__Activity__
In the copy, include no images, and repeat each entry precisely as written.

Stored items:
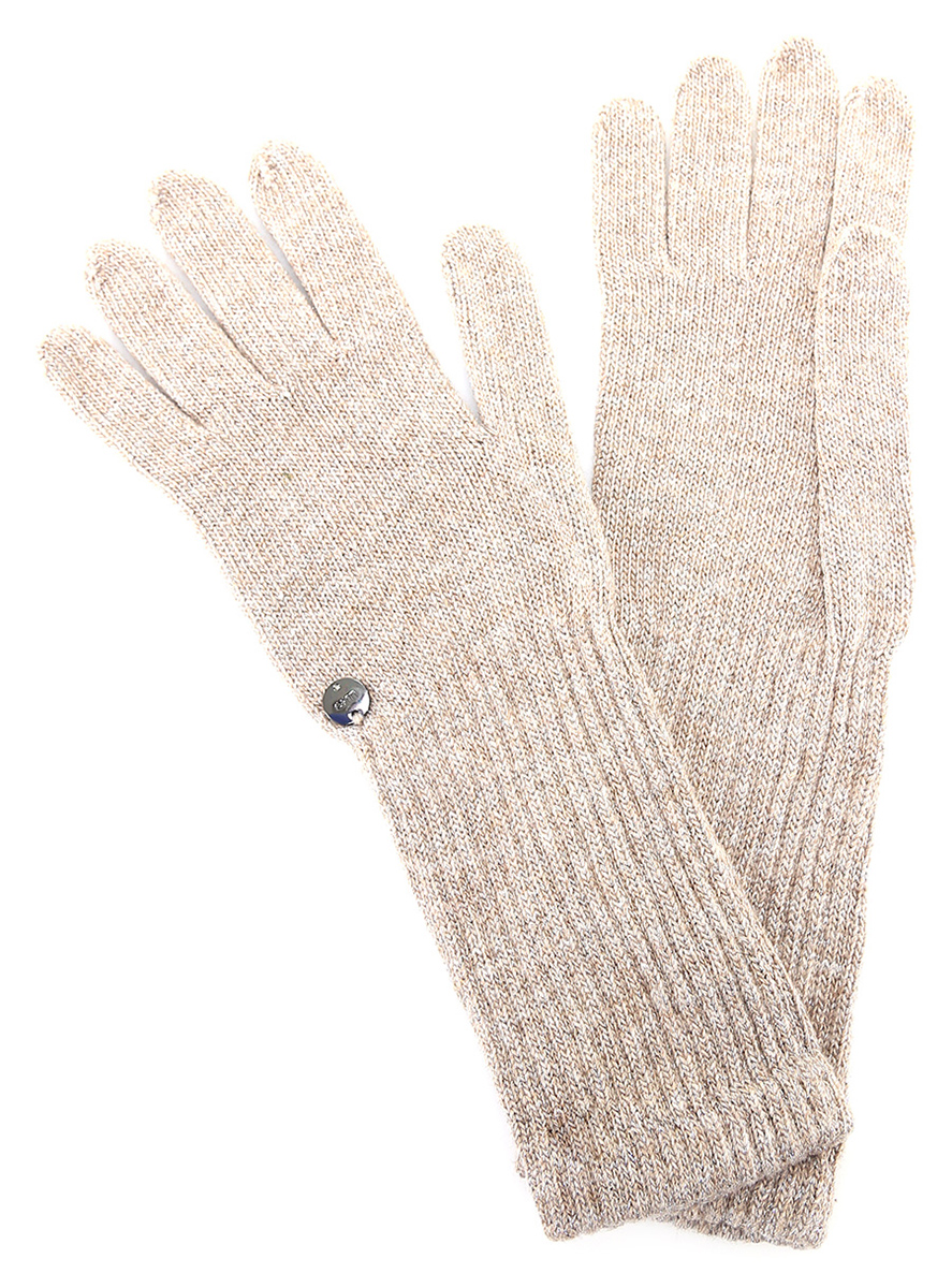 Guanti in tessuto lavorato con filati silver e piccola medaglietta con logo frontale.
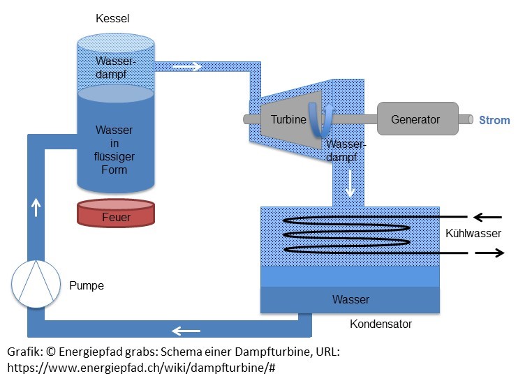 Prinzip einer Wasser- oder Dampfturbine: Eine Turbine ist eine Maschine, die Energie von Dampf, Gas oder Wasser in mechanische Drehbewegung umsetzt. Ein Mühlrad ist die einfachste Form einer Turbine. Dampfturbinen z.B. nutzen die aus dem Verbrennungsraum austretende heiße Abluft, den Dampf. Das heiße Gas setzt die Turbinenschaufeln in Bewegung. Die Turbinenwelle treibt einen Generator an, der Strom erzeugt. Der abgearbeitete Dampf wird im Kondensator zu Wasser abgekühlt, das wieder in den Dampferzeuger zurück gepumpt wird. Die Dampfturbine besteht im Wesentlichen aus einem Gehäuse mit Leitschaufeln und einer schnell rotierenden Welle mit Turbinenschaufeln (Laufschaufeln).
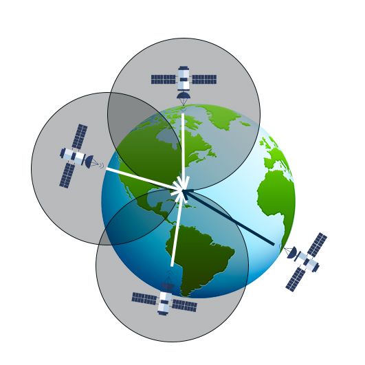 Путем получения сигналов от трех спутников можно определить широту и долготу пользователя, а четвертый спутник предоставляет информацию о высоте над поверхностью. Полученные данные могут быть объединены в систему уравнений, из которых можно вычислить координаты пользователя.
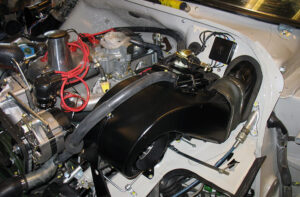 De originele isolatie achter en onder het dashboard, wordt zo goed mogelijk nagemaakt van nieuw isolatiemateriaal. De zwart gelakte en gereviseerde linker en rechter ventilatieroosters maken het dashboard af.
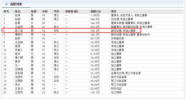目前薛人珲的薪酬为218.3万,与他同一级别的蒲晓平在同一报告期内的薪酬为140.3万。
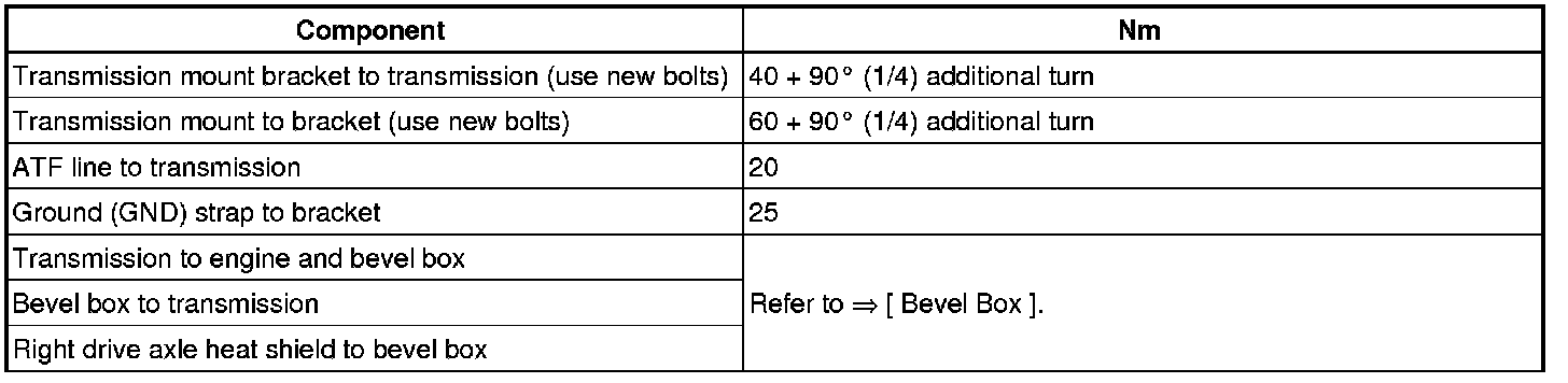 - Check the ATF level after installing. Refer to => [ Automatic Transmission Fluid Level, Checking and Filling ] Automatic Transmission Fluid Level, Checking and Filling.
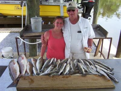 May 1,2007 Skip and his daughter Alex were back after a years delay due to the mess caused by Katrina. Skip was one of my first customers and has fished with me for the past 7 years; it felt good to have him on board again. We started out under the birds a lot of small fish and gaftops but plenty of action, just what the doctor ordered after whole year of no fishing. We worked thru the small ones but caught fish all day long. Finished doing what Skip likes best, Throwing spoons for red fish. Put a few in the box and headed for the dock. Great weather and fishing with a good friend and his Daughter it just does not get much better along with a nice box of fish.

__Answer below__
 Guanti in tessuto lavorato con filati silver e piccola medaglietta con logo frontale.
 Prinzip einer Wasser- oder Dampfturbine: Eine Turbine ist eine Maschine, die Energie von Dampf, Gas oder Wasser in mechanische Drehbewegung umsetzt. Ein Mühlrad ist die einfachste Form einer Turbine. Dampfturbinen z.B. nutzen die aus dem Verbrennungsraum austretende heiße Abluft, den Dampf. Das heiße Gas setzt die Turbinenschaufeln in Bewegung. Die Turbinenwelle treibt einen Generator an, der Strom erzeugt. Der abgearbeitete Dampf wird im Kondensator zu Wasser abgekühlt, das wieder in den Dampferzeuger zurück gepumpt wird. Die Dampfturbine besteht im Wesentlichen aus einem Gehäuse mit Leitschaufeln und einer schnell rotierenden Welle mit Turbinenschaufeln (Laufschaufeln).
 Путем получения сигналов от трех спутников можно определить широту и долготу пользователя, а четвертый спутник предоставляет информацию о высоте над поверхностью. Полученные данные могут быть объединены в систему уравнений, из которых можно вычислить координаты пользователя.
 De originele isolatie achter en onder het dashboard, wordt zo goed mogelijk nagemaakt van nieuw isolatiemateriaal. De zwart gelakte en gereviseerde linker en rechter ventilatieroosters maken het dashboard af.
目前薛人珲的薪酬为218.3万,与他同一级别的蒲晓平在同一报告期内的薪酬为140.3万。
 - Check the ATF level after installing. Refer to => [ Automatic Transmission Fluid Level, Checking and Filling ] Automatic Transmission Fluid Level, Checking and Filling.
 May 1,2007 Skip and his daughter Alex were back after a years delay due to the mess caused by Katrina. Skip was one of my first customers and has fished with me for the past 7 years; it felt good to have him on board again. We started out under the birds a lot of small fish and gaftops but plenty of action, just what the doctor ordered after whole year of no fishing. We worked thru the small ones but caught fish all day long. Finished doing what Skip likes best, Throwing spoons for red fish. Put a few in the box and headed for the dock. Great weather and fishing with a good friend and his Daughter it just does not get much better along with a nice box of fish.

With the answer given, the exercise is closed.